If a record below holds a picture, drop the picture and copy everything else exactly.
Top of Data records
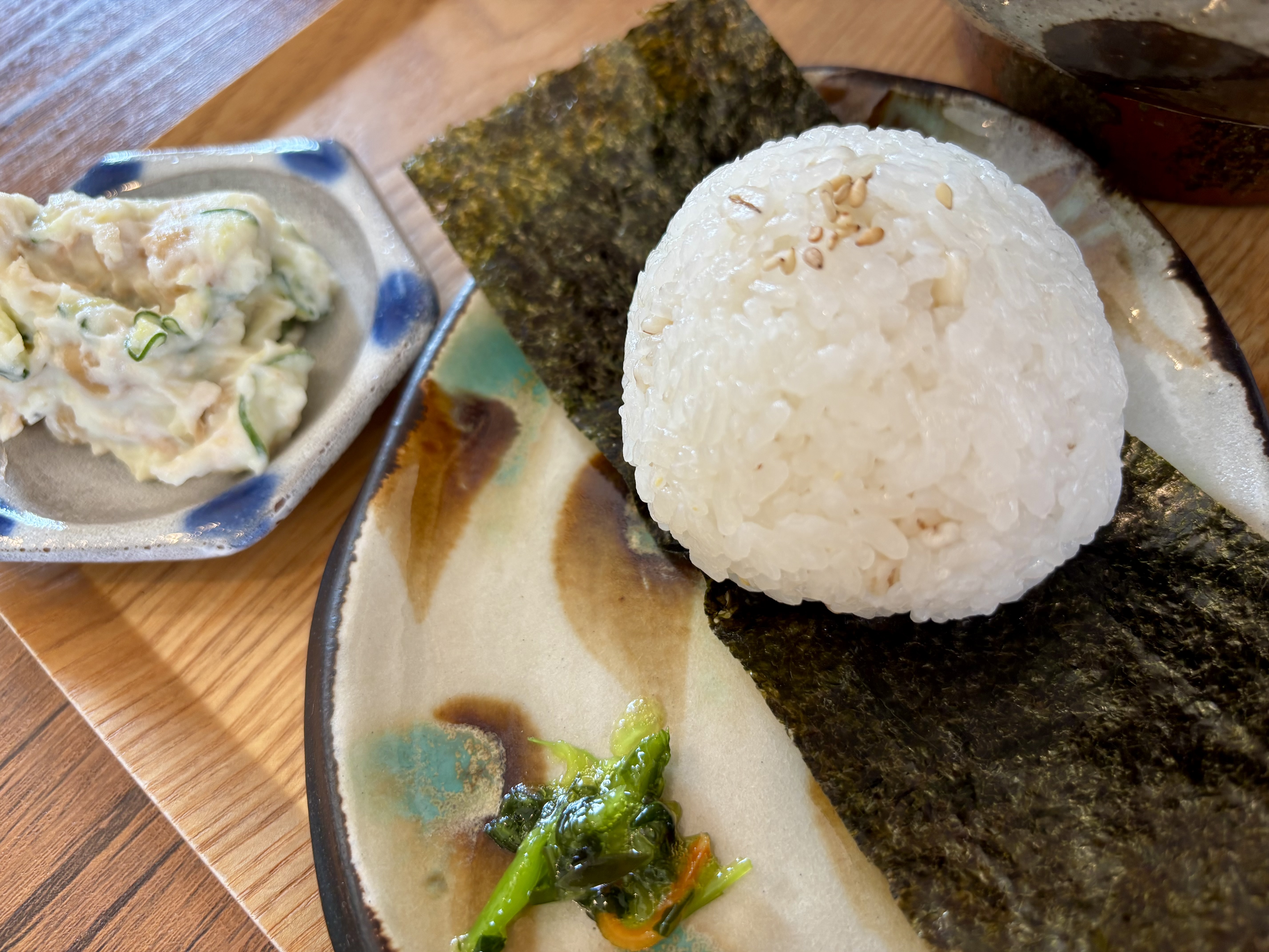 ころん手のひらサイズのおにぎりが、お出汁とよく合います。
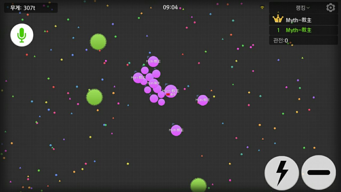 首先游戏非常简单,简单到上手即会。玩家只需要通过触屏移动控制游戏中的圆球吃场景中的小球来使自己变大,同时躲避比自己强大的角色进攻,尽量吃掉比自己小的角色让自己变大。不过自身越大,移动速度就越慢。随着你实力的增强,球会越来越大,游戏设计了两种方式来帮助你“减肥”。一种是放弃一部分让自己变小,另外一种方法就是把自己分成多个小部分。而且游戏还支持语音。虽然说游戏的内容不多,但是真正玩起来玩法还是很多的。及时的削减自身的部分可以提升移动速度利于逃跑,在团队战中还可以帮助同伴加强实力。如果球实在是大的无法移动了,不妨试试分身,同时控制多个球分兵攻伐也是个不错的选择。
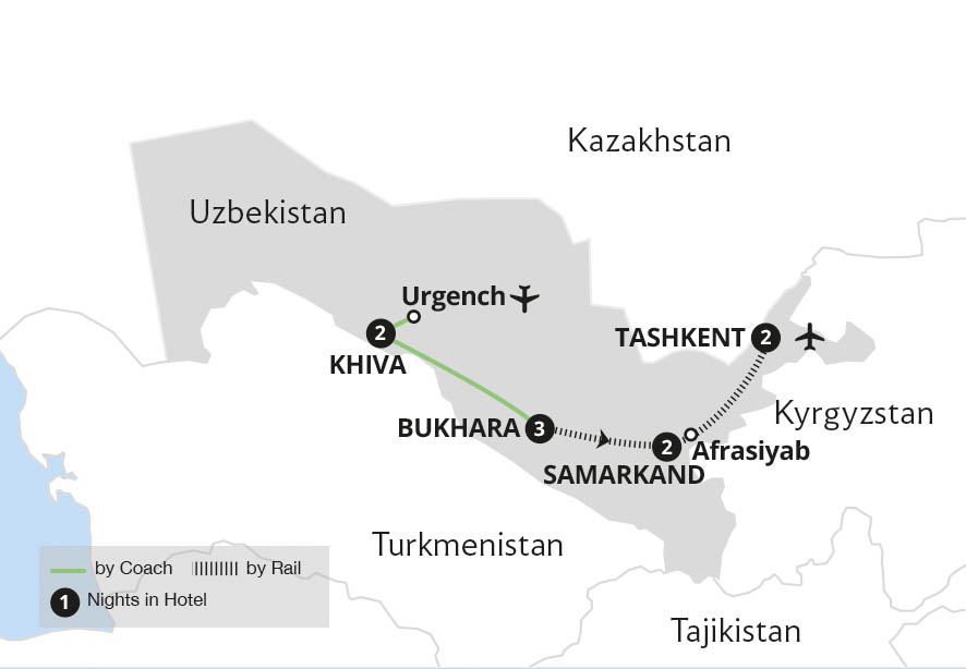Step back in time on an exploration of Uzbekistan, uncovering the central Asian country's blend of bewitching stories and intriguing landscapes. Explore ancient fortresses hidden in sandy deserts on a fascinating journey, conjuring up enduring images of traders on the golden road to Samarkand and its iconic Registan. Stroll among ...
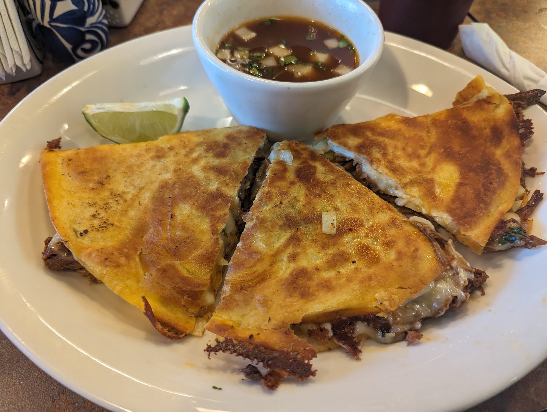 I ordered the Birria Quesadilla. If you've never had Birria, think of it as a tasty broth to dip your quesadilla/tacos in. They were on par with expectations, but nothing special aside from being a Birria Quesadilla.
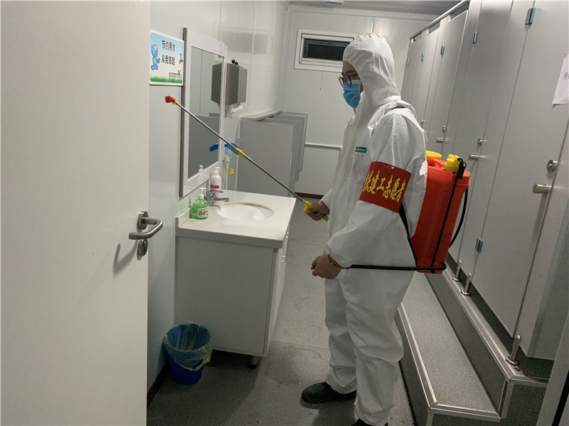 为了不耽搁项目部复工后的正常施工建设进度,保证测量数据准确无误,每天早上6:00,晨光熹微,黄科力早早起床穿好防护服,戴上护目镜,主动背起喷洒壶在项目部进行消杀工作。整个消杀工作耗时约90分钟,作业过程中全程都要背着喷洒壶。当脱下防护服时,黄科力穿在里面的贴身衣物早已被汗水浸湿。他来不及多想,赶紧换上干净的衣服,匆匆吃过早饭后背上测量仪器又上工地去了。这样忙碌的日子一过就是半个月,项目部的同事们从未听过他抱怨半句,却总能在脸上见到憨厚的笑容。
Bottom of Data records
Worked solution:
 ころん手のひらサイズのおにぎりが、お出汁とよく合います。
 首先游戏非常简单,简单到上手即会。玩家只需要通过触屏移动控制游戏中的圆球吃场景中的小球来使自己变大,同时躲避比自己强大的角色进攻,尽量吃掉比自己小的角色让自己变大。不过自身越大,移动速度就越慢。随着你实力的增强,球会越来越大,游戏设计了两种方式来帮助你“减肥”。一种是放弃一部分让自己变小,另外一种方法就是把自己分成多个小部分。而且游戏还支持语音。虽然说游戏的内容不多,但是真正玩起来玩法还是很多的。及时的削减自身的部分可以提升移动速度利于逃跑,在团队战中还可以帮助同伴加强实力。如果球实在是大的无法移动了,不妨试试分身,同时控制多个球分兵攻伐也是个不错的选择。
Step back in time on an exploration of Uzbekistan, uncovering the central Asian country's blend of bewitching stories and intriguing landscapes. Explore ancient fortresses hidden in sandy deserts on a fascinating journey, conjuring up enduring images of traders on the golden road to Samarkand and its iconic Registan. Stroll among ...
 I ordered the Birria Quesadilla. If you've never had Birria, think of it as a tasty broth to dip your quesadilla/tacos in. They were on par with expectations, but nothing special aside from being a Birria Quesadilla.
 为了不耽搁项目部复工后的正常施工建设进度,保证测量数据准确无误,每天早上6:00,晨光熹微,黄科力早早起床穿好防护服,戴上护目镜,主动背起喷洒壶在项目部进行消杀工作。整个消杀工作耗时约90分钟,作业过程中全程都要背着喷洒壶。当脱下防护服时,黄科力穿在里面的贴身衣物早已被汗水浸湿。他来不及多想,赶紧换上干净的衣服,匆匆吃过早饭后背上测量仪器又上工地去了。这样忙碌的日子一过就是半个月,项目部的同事们从未听过他抱怨半句,却总能在脸上见到憨厚的笑容。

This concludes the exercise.